* **TASK DESCRIPTION**: From the material below, retype exactly the lines that begin at the line with "Whether you’re grappling" and end after the line with "Двухкомнатная квартира 46,00"; pictures stay out of the copy.

* **AVAILABLE RECORDS**:
************

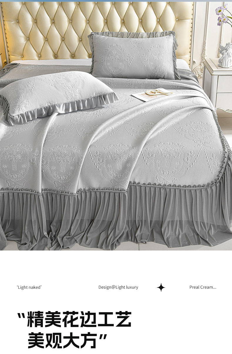 (总)畅畅家纺 2026新款锦氨夏被PE凉感豆豆凉席绣花三明治复合床裙三件套四件套,格韵-粉-床裙款,格韵-灰-床裙款,格韵-蓝-床裙款,格韵-绿-床裙款
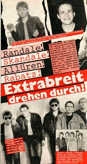 Man kann sagen, dass die Band diese Zeit in vollen Zügen genießt. Tagsüber gondelt man verschlafen im Tourbus über die Autobahn und hängt in Novotels ab, wo es die gigantischen "Ernie & Bert"-Eisbecher gibt, die bald in fortlaufenden Blöcken die Zimmerrechnungen dominieren und abends bringt man die Hallen zum Kochen. Die Nacht ist nicht allein zum Schlafen da im Gegenteil. Anlässlich "Hurra, hurra" ist nun auch die BRAVO voll auf Kurs gegangen und feiert EXTRABREIT als "die bösen Buben" der neuen Musikszene: "Wir ecken überall an" oder "EXTRABREIT bei jedem Konzert viel Polizei" das sind die Headlines in den Teenie-Magazinen. So kommt es während des Aufenthalts in Köln auch zu einem "klassischen" Rock n Roll-Vorfall. Aufgrund der natürlichen Sparsamkeit des Konzertveranstalters sind abgesehen von den Novotal-Bauklötzen auch hier und da eher minderwertige Hotels gebucht worden. Während DIE BREITEN das mit einer gewissen Selbstverständlichkeit hinnehmen, wächst bei anderen in der Musiker-Travel-Party der Unmut über solch unproportionale Knauserigkeit. In München wird es dann schließlich zu einer von SPLIFF angeführten Musikerrevolte kommen, mit dem Ergebnis, dass man im Park Hilton untergebracht wird, ein lauschiger und weltoffener Ort, an den unsre Helden in den nächsten Jahren noch oft zurückkehren werden. In ihrem kargen Kölner Hotel nun aber trägt sich bei einem gemütlichen Beisammensein der BREITEN, das zu vorgerückter Stunde in Stefans Zimmer stattfindet, Folgendes zu: Man ist harmlos ins Gespräch vertieft, als ohne weiteres Zutun plötzlich das Bett unter Rolf nachgibt und eine Seite des Möbels krachend zusammenbricht. Das ist das Signal zu verschärftem Vorgehen. Mit dem vom Verspeisen einer Batterie von Bockwürsten übrig gebliebenen Senf beginnt man die weiße Styropordecke mit wohlgesetzten Klecksern zu verzieren. Bald darauf fliegt ein Aschenbecher zur Decke und bleibt dort ohne weiteres stecken. Überall setzt nun emsige Tätigkeit ein. Stefan zeichnet auf der Tapete, während gleichzeitig der Sperrholzschrank fachgerecht zerlegt wird. Zwei Stühle und die Badezimmerarmaturen teilen sein Schicksal. Schließlich fällt der Blick der Destrukteure auf den Fernseher, der wichtig in der Ecke thront. Schon wird das Fenster aufgerissen und der schwere, schon etwas betagte Kasten auf den Fensterrahmen gehievt, wo er eine Weile balanciert, bevor man ihm unter Hochrufen den entscheidenden Stoß versetzt. Mit einem infernalischen Geräusch zerschellt das Gerät vier Stockwerke tiefer im Hof. Als Stefan am nächsten Morgen inmitten der Trümmer seiner Stube erwacht, schwant ihm, dass diese Nacht nicht folgenlos bleiben wird. Zwar versucht JAH auf die Frage des kreidebleichen Rezeptionisten nach "einem Herrn Klein" mit der Auskunft "Der gehört nicht zu uns" eine falsche Fährte zu legen, aber schon bei der Ankunft in der nächsten Stadt präsentiert MAMA CONCERTS die Rechnung: 10.000 Deutschmark. Da trifft es sich gut, dass die BRAVO EXTRABREIT, das erste Mal auf dem Titel hat. Welch schöne Blüten das Bad-Boy-Image treibt, sieht man an diesem Artikel aus der Zeitschrift POPROCKY: ![]()
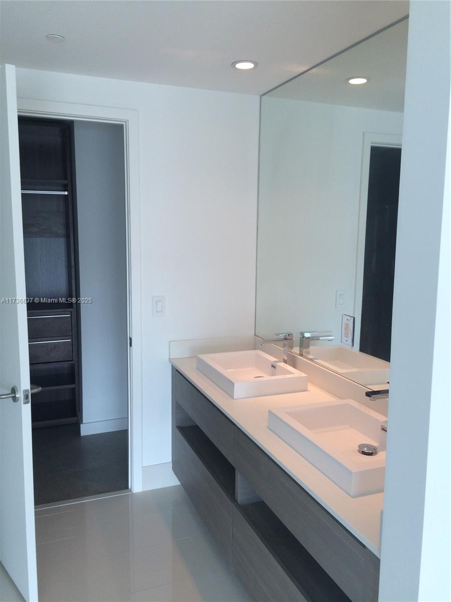 Luxurious Waterfront Living at Icon Bay in Edgewater. Elevate your lifestyle with this exquisite two-bedroom, two-bath condo on the 25th floor of prestigious Icon Bay. This 1,107 sq.ft. unit offers breathtaking, direct views of Miami Bay and the ocean skyline toward Miami Beach, accessed via a private foyer. The floors feature large, modern gray stone-look tiles that are both stylish and durable. The kitchen is equipped with GE Monogram appliances. Icon Bay offers top-tier amenities, including an infinity-edge pool with stunning bay views, a Sky Lounge, a state-of-the-art sauna, a theater room, tennis courts, a 24-hour concierge, and valet parking. Minutes from Wynwood, the Design and Arts Districts, Downtown, and Miami Beach. One assigned parking space included.
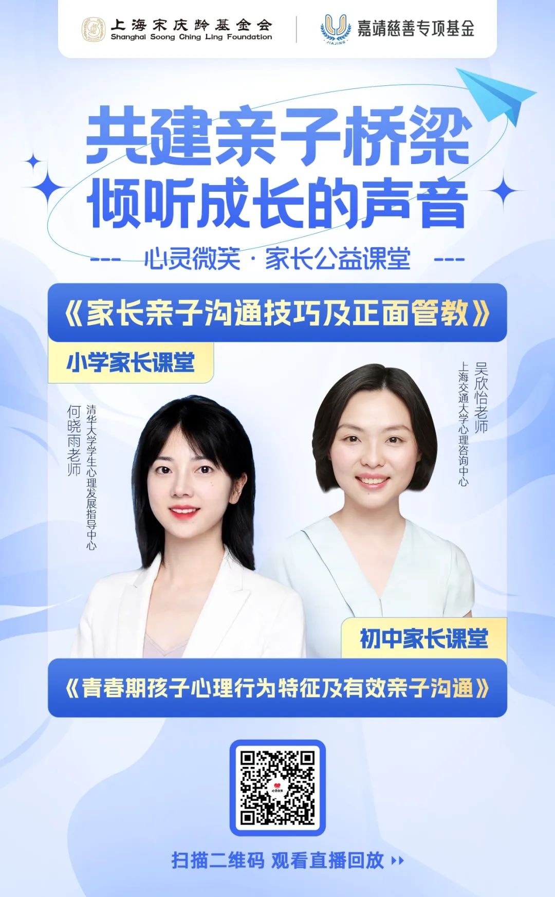 近日,由嘉银科技(JFIN.US)支持的嘉靖慈善专项基金先后邀请清华大学和上海交通大学心理中心专家,分别面向小学和初中家长,围绕亲子关系开展了两场家长公益课堂直播。数据显示,两场讲座累计观看量约5万,互动点赞量超64万。
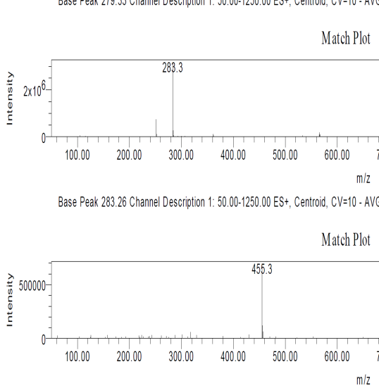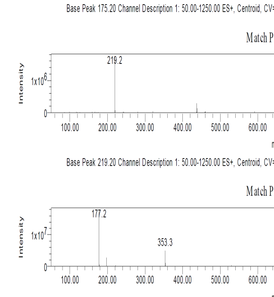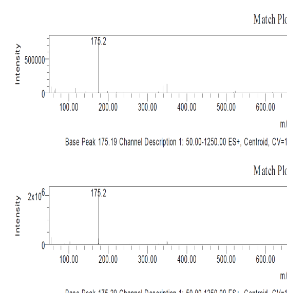 MS/MS data were obtained on system (Thermoscientific, USA) with MS plus pump and autosampler. TSQ Quantum access max mass spectrometer was used for analysis. The MS system used spray electron ionization in positive mode with voltage 3500V, Capillary temperature was 300 °C. The Mass transition was observed for M1 and M2 level with collision energy 34 eV for both transition. Xcalibur Software was used for data analysis (Thermo Fisher, USA).
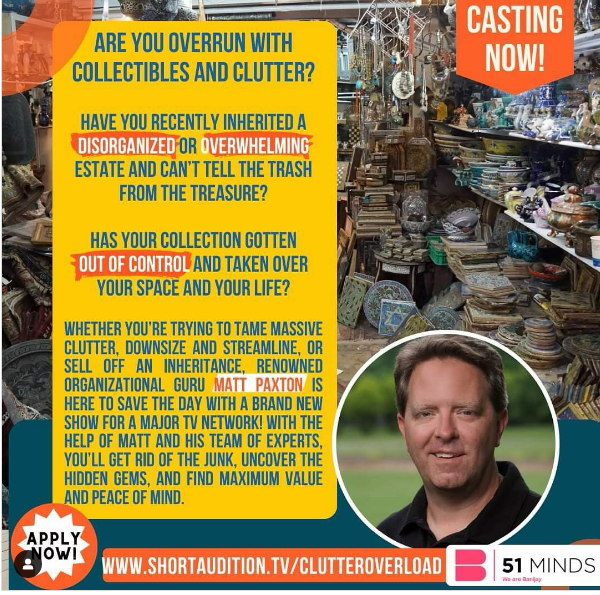Whether you’re grappling with overwhelming clutter, embarking on a downsizing journey, or navigating the process of selling an inherited estate, the esteemed organizational expert Matt Paxton is ready to come to your rescue with an exciting new television show for a Major TV Network! With Matt at the helm, supported by his team of seasoned experts, you’ll bid farewell to the unnecessary, unveil hidden treasures, and discover optimal value and tranquility.
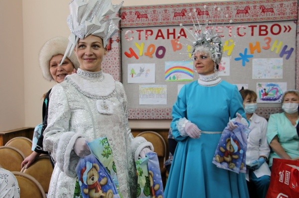 Представители колонии-поселения приехали в медицинское учреждение в назначенное время вместе с новогодними персонажами – Снежной королевой, Зимушкой-зимой и Снежинкой, которые показали детям небольшое костюмированное представление, а затем вручили подарки, пожелав скорейшего и полного выздоровления. Ребята, в свою очередь, тоже читали гостям стихи, пели новогодние песенки и искренне радовались организованному празднику.
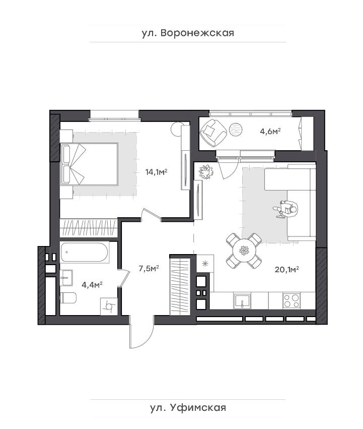 Двухкомнатная квартира 46,00 м2 по ул. Воронежская 38б за 8350000 руб. |
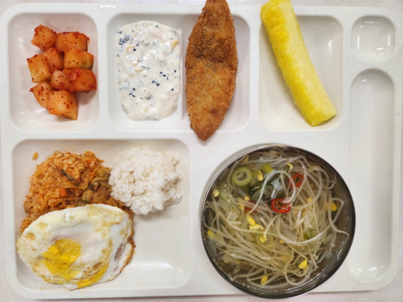 김치볶음밥(1.2.5.6.9.10.15.16) 친환경콩나물국1(5.6.8.9.18) 생선까스+콘타르소스(1.5.6.13) 계란후라이(친환경)(1) 깍두기(9) 골드파인애플스틱
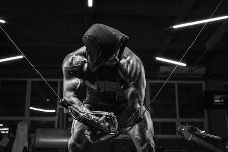 Image of a powerful athlete in a hoodie exercising in a crossover at the gym. Fitness and bodybuilding concept. Mixed media
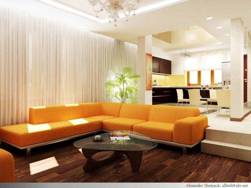 - во-первых, высоты потолков и площади объединенного помещения должно быть достаточно для создания подиума. В противном случае все это будет смотреться нелепо, так как для работы на кухне или отдыха в гостиной не хватит свободного места;
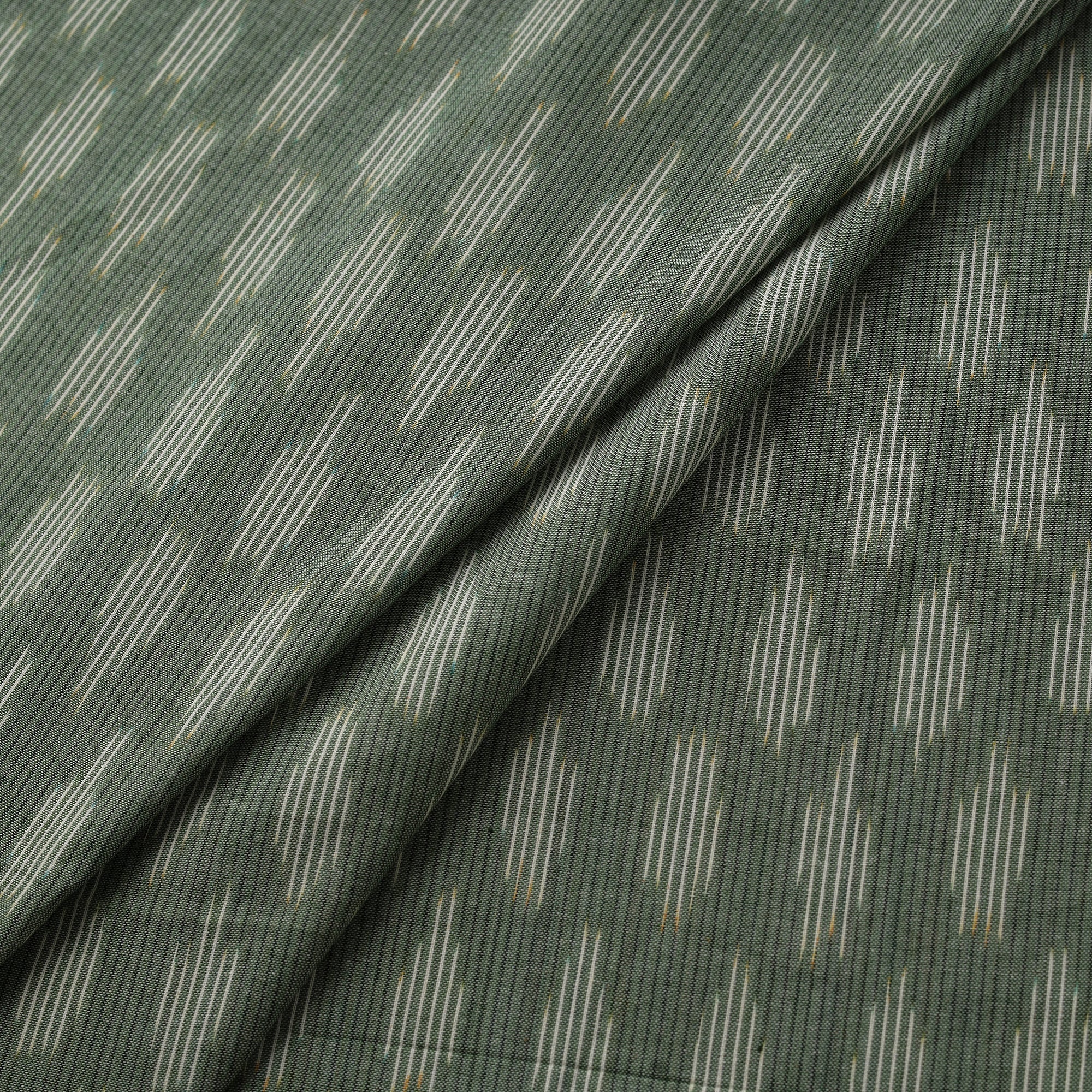 Green pure cotton pochampally ikat fabric from Telangana reflects India’s rich weaving tradition. Created using the Ikat resist-dye technique, where the warp and weft yarns are carefully dyed before weaving, this fabric is ideal for garments as well as creating home decor pieces.
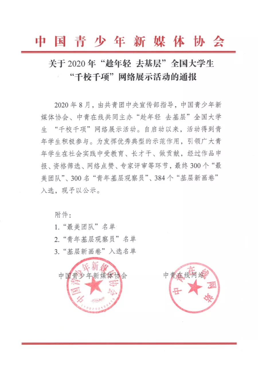 2020年8月,由共青团中央宣传部指导,中国青少年新媒体协会、中青在线共同主办了“趁年轻去基层”全国老员工“千校千项”网络展示活动。为发挥典型的示范作用,引领广大青年员工在社会实践中受教育、长才干、做贡献,经过作品申报、资格筛选、网络点赞、专家评审等环节,学校j9九游会“小我大爱”向日葵社会服务志愿团成功入选全国300个“最美团队”,计算机类1902班李迅同学入围300名“青年基层观察员”名单。这是继学院团总支书记黄婧雯获2019年大中专员工“三下乡”暑期社会实践“千校千项”优秀实践者称号后智数学院又再获全国“千校千项”荣誉。
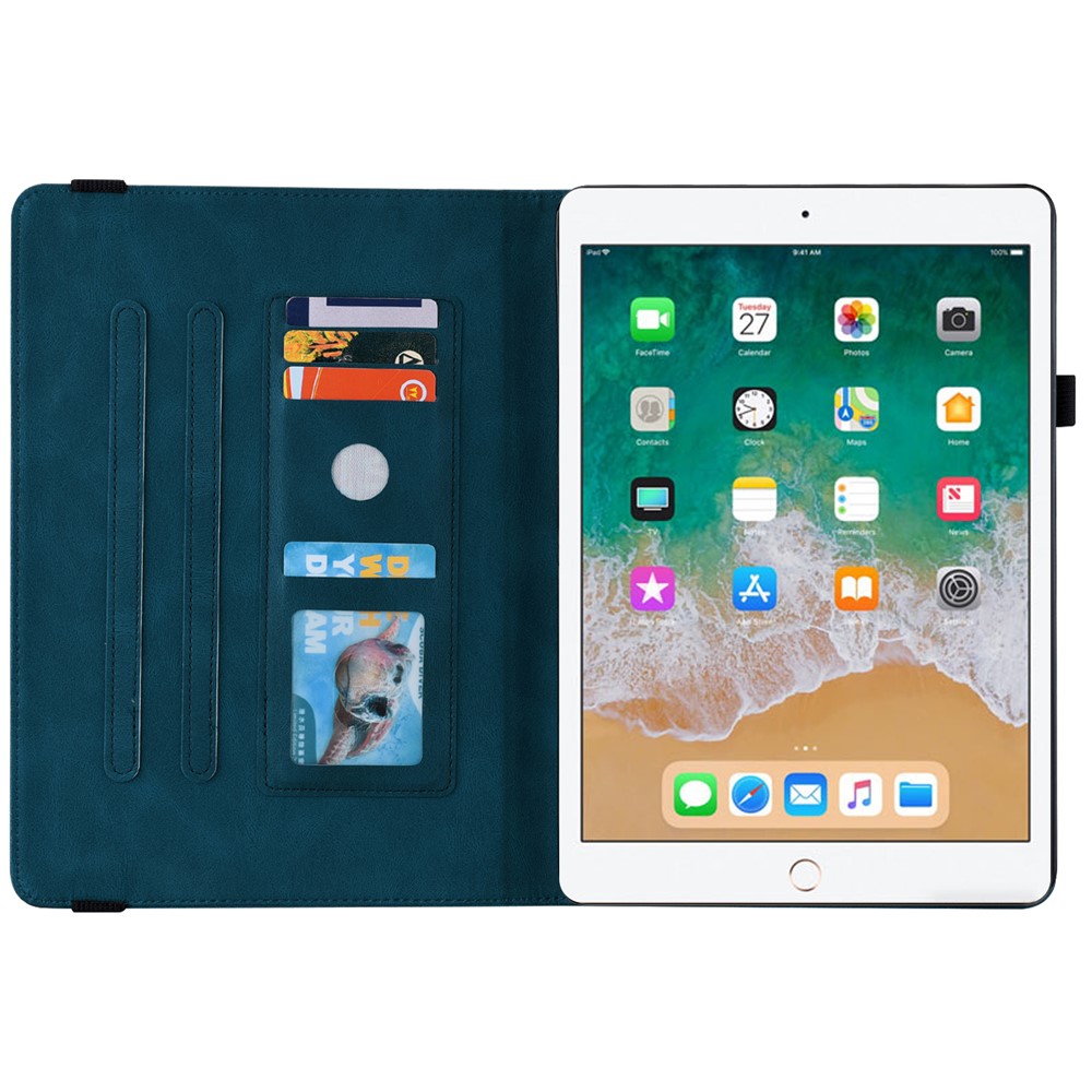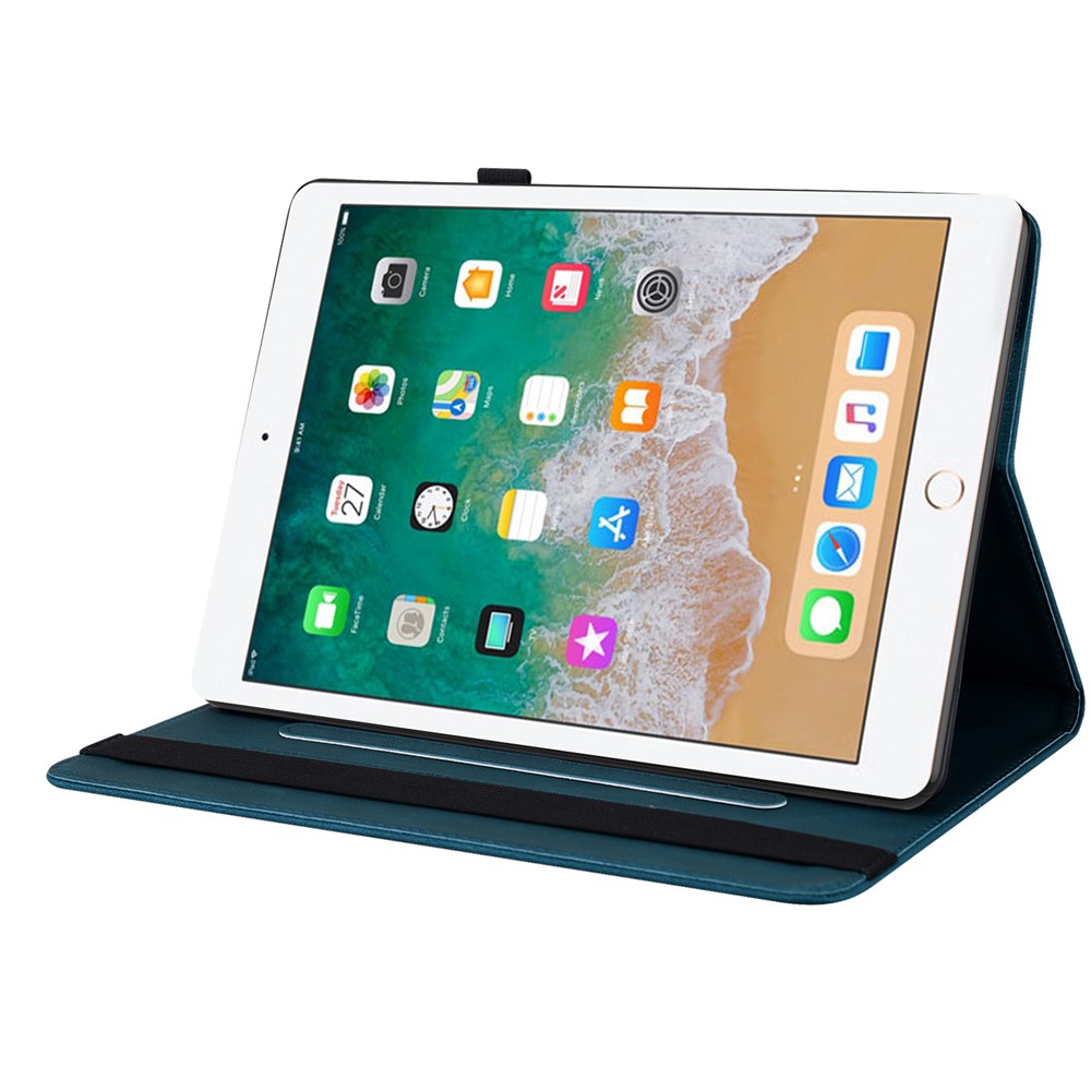 Viewing Stand Butterfly Flower Pattern Imprinting Leather Folio Cover with Elastic Band for iPad 9.7-inch (2018) / iPad 9.7-inch (2017) / iPad Air 2 (iPad 6) / iPad Air (iPad 5) – Blue

************

* **RESPONSE**:
Whether you’re grappling with overwhelming clutter, embarking on a downsizing journey, or navigating the process of selling an inherited estate, the esteemed organizational expert Matt Paxton is ready to come to your rescue with an exciting new television show for a Major TV Network! With Matt at the helm, supported by his team of seasoned experts, you’ll bid farewell to the unnecessary, unveil hidden treasures, and discover optimal value and tranquility.
 Представители колонии-поселения приехали в медицинское учреждение в назначенное время вместе с новогодними персонажами – Снежной королевой, Зимушкой-зимой и Снежинкой, которые показали детям небольшое костюмированное представление, а затем вручили подарки, пожелав скорейшего и полного выздоровления. Ребята, в свою очередь, тоже читали гостям стихи, пели новогодние песенки и искренне радовались организованному празднику.
 Двухкомнатная квартира 46,00 м2 по ул. Воронежская 38б за 8350000 руб. |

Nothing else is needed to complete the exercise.